## Work to complete:
All of the data should be reproduced word for word, though its pictures must be omitted.

## Collection entries:
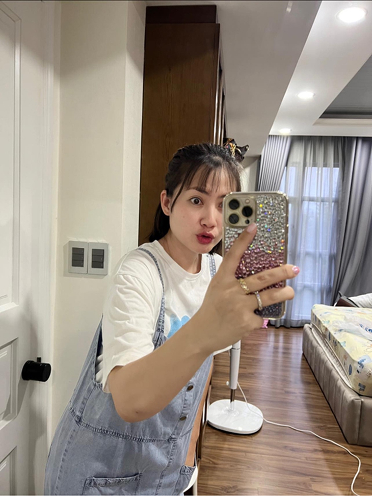 Nhã Phương (trái) đăng hình đọ bụng bầu thay lời chúc mừng sinh nhật đến Thúy Ngân khiến nữ diễn viên ngỡ ngàng.
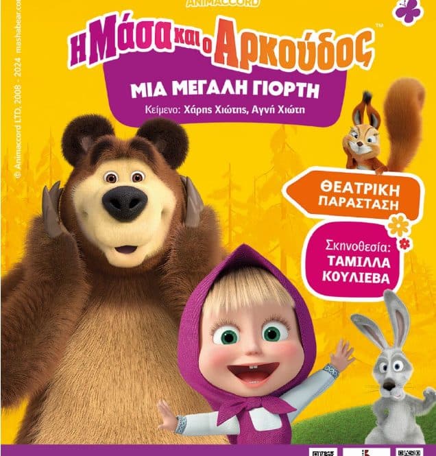 «Η Μάσα και ο Αρκούδος, μια μεγάλη γιορτή» η επίσημη θεατρική παράσταση, ζωντανεύει τον μαγικό κόσμο της παγκόσμιας επιτυχημένης σειράς κινουμένων σχεδίων. Με τα αυθεντικά κοστούμια του εξωτερικού.
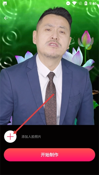 4、进入模板制作界面后,找到并点击【添加人脸照片】旁的加号按钮,添加照片完毕后,点击【开始制作】,即可完成照片唱歌内容的制作。
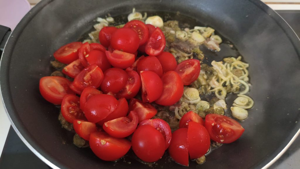 Agregar los tomatitos cortados a la mitad, cocinar y ajustar de sal. Mientras tanto, preparar los ñoquis triturando los frijoles.
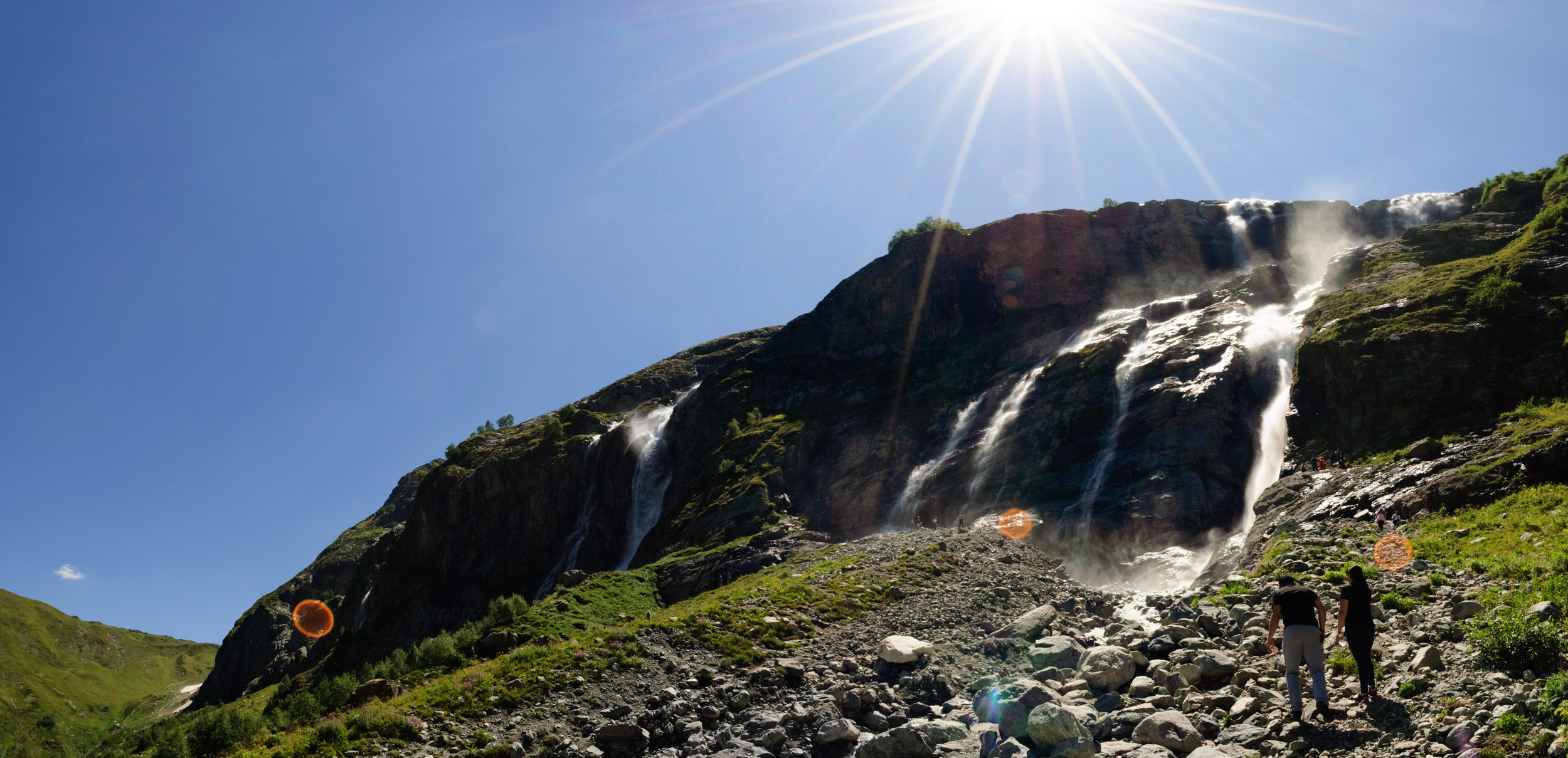 Утром мы пополнили запасы и отправились дальше, свернув на Софийский ледник приехали на поляну Таулу. На поляне находятся множество УАЗов, палаток, где продают всякие вкусные чаи, варенья, готовят шашлык и хычины и многое другое. Проезжая по поляне и уже хотел отправится на Софийские водопады, но встретил знакомого Сергея. Мы с ним пообщались, он мне поведал что у Патриота сломался генератор и он застрял. Генератор скоро починят и они вот-вот должны закинуть его на ледниковые озера, где у него будет протекать 10 дневный пеший поход. Он меня познакомил с Альбертом, который вручил мне ключ от домика, они сдавали за 400р. Я мог в нем остановиться при желании или просто оставить ключ. Рядом стояли УАЗы, на одном из них был брат Альберта. УАЗик до Софийских стоит 3000р. Я спросил про дорогу, в итоге Серега и мой брат сказали возьми УАЗ. Решил им довериться. Попутно послушал интересный рассказ, мне показали где надо проезжать по ручью и как многие пытаются объехать в одном месте с маленькой лужей. Дальше говорят, что кто не знает застрянет в ней 99%, даже подготовленные машины садятся и не могут проехать. На подьем мне было отведено 2:40. Поднимались мы параллельно с группой, они все задыхались и мы переодически их обгоняли и друг другу мешали. С одной стороны я идущей с ребенком на руках, с другой стороны "горетуристы", задыхающиеся и ноющие как тяжело им подниматься. Перед большим камнем был сложный участок. Тут туристы делились на 2 группы, кто переходил реку на другую сторону и те кто карабкались по мокрому камню. Я оставил ребенка с супругой и поднялся последние метры в одиночку. Группа туристов очень замедляли мое движение. На Софийское седло я не пошел, так как был ограничен по времени. Сделал несколько кадров водопадов, но солнце было высоким и шедевров не получилось. Сердце бешено билось, мне предстоял еще спуск с ребенком на руках. Зато сейчас по Крыму я бегаю как сайгак=) Подъем происходит с поляны, она наполнена всякими частными машинами стоящими с палатками. Среди них я видел ТЛК, Х-трейлы, Дастеры и Тигуаны. Поляна расположена примерно на высоте в 2000м, сами Софийские не знаю не посмотрел. Потраченных денег за УАЗик я с одной стороны пожалел. Хотелось все-таки проехаться на своей машине. С другой стороны, теперь я знаю дорогу и получил интересный рассказ. К тому же узнал о Белом водопаде на одноименной реке. Со слов УАЗовода к нему сложно проехать из-за бродов. Дастер проехал, хоть и было пару бродов, которые вызывали у меня опасения. Разведку я не проводил, как оказалось если знать маршрут можно проехать и на 2108. 2108 тоже был около водопада. Сделаем поправку, что 2108 схитрил и ехал за УАЗом, смотря их траекторию. Я же пер в лоб, самостоятельно, не зная верной траектории. Кто скажет нужно было ножками пройти? Так попробуй постоять в ледниковой талой воде на камнях, я попробовал, ноги у меня сводило моментом. Находился я как герой один среди толпы УАЗиков. Это вроде гора София, но я точно не уверен. Ибо я спросил название у местных и не уверен что они меня правильно поняли. Сам водопад Белый. Около водопада вода слегка кислая, в 20 метрах ниже с приятным сладким послевкусием. Пытаюсь максимально емко вести рассказ и без большого количества фотографий. Ибо про Архыз еще много хочется рассказать. Продолжение следует. Последний раз редактировалось Подводник; 27.08

## Exercise output:
 Nhã Phương (trái) đăng hình đọ bụng bầu thay lời chúc mừng sinh nhật đến Thúy Ngân khiến nữ diễn viên ngỡ ngàng.
 «Η Μάσα και ο Αρκούδος, μια μεγάλη γιορτή» η επίσημη θεατρική παράσταση, ζωντανεύει τον μαγικό κόσμο της παγκόσμιας επιτυχημένης σειράς κινουμένων σχεδίων. Με τα αυθεντικά κοστούμια του εξωτερικού.
 4、进入模板制作界面后,找到并点击【添加人脸照片】旁的加号按钮,添加照片完毕后,点击【开始制作】,即可完成照片唱歌内容的制作。
 Agregar los tomatitos cortados a la mitad, cocinar y ajustar de sal. Mientras tanto, preparar los ñoquis triturando los frijoles.
 Утром мы пополнили запасы и отправились дальше, свернув на Софийский ледник приехали на поляну Таулу. На поляне находятся множество УАЗов, палаток, где продают всякие вкусные чаи, варенья, готовят шашлык и хычины и многое другое. Проезжая по поляне и уже хотел отправится на Софийские водопады, но встретил знакомого Сергея. Мы с ним пообщались, он мне поведал что у Патриота сломался генератор и он застрял. Генератор скоро починят и они вот-вот должны закинуть его на ледниковые озера, где у него будет протекать 10 дневный пеший поход. Он меня познакомил с Альбертом, который вручил мне ключ от домика, они сдавали за 400р. Я мог в нем остановиться при желании или просто оставить ключ. Рядом стояли УАЗы, на одном из них был брат Альберта. УАЗик до Софийских стоит 3000р. Я спросил про дорогу, в итоге Серега и мой брат сказали возьми УАЗ. Решил им довериться. Попутно послушал интересный рассказ, мне показали где надо проезжать по ручью и как многие пытаются объехать в одном месте с маленькой лужей. Дальше говорят, что кто не знает застрянет в ней 99%, даже подготовленные машины садятся и не могут проехать. На подьем мне было отведено 2:40. Поднимались мы параллельно с группой, они все задыхались и мы переодически их обгоняли и друг другу мешали. С одной стороны я идущей с ребенком на руках, с другой стороны "горетуристы", задыхающиеся и ноющие как тяжело им подниматься. Перед большим камнем был сложный участок. Тут туристы делились на 2 группы, кто переходил реку на другую сторону и те кто карабкались по мокрому камню. Я оставил ребенка с супругой и поднялся последние метры в одиночку. Группа туристов очень замедляли мое движение. На Софийское седло я не пошел, так как был ограничен по времени. Сделал несколько кадров водопадов, но солнце было высоким и шедевров не получилось. Сердце бешено билось, мне предстоял еще спуск с ребенком на руках. Зато сейчас по Крыму я бегаю как сайгак=) Подъем происходит с поляны, она наполнена всякими частными машинами стоящими с палатками. Среди них я видел ТЛК, Х-трейлы, Дастеры и Тигуаны. Поляна расположена примерно на высоте в 2000м, сами Софийские не знаю не посмотрел. Потраченных денег за УАЗик я с одной стороны пожалел. Хотелось все-таки проехаться на своей машине. С другой стороны, теперь я знаю дорогу и получил интересный рассказ. К тому же узнал о Белом водопаде на одноименной реке. Со слов УАЗовода к нему сложно проехать из-за бродов. Дастер проехал, хоть и было пару бродов, которые вызывали у меня опасения. Разведку я не проводил, как оказалось если знать маршрут можно проехать и на 2108. 2108 тоже был около водопада. Сделаем поправку, что 2108 схитрил и ехал за УАЗом, смотря их траекторию. Я же пер в лоб, самостоятельно, не зная верной траектории. Кто скажет нужно было ножками пройти? Так попробуй постоять в ледниковой талой воде на камнях, я попробовал, ноги у меня сводило моментом. Находился я как герой один среди толпы УАЗиков. Это вроде гора София, но я точно не уверен. Ибо я спросил название у местных и не уверен что они меня правильно поняли. Сам водопад Белый. Около водопада вода слегка кислая, в 20 метрах ниже с приятным сладким послевкусием. Пытаюсь максимально емко вести рассказ и без большого количества фотографий. Ибо про Архыз еще много хочется рассказать. Продолжение следует. Последний раз редактировалось Подводник; 27.08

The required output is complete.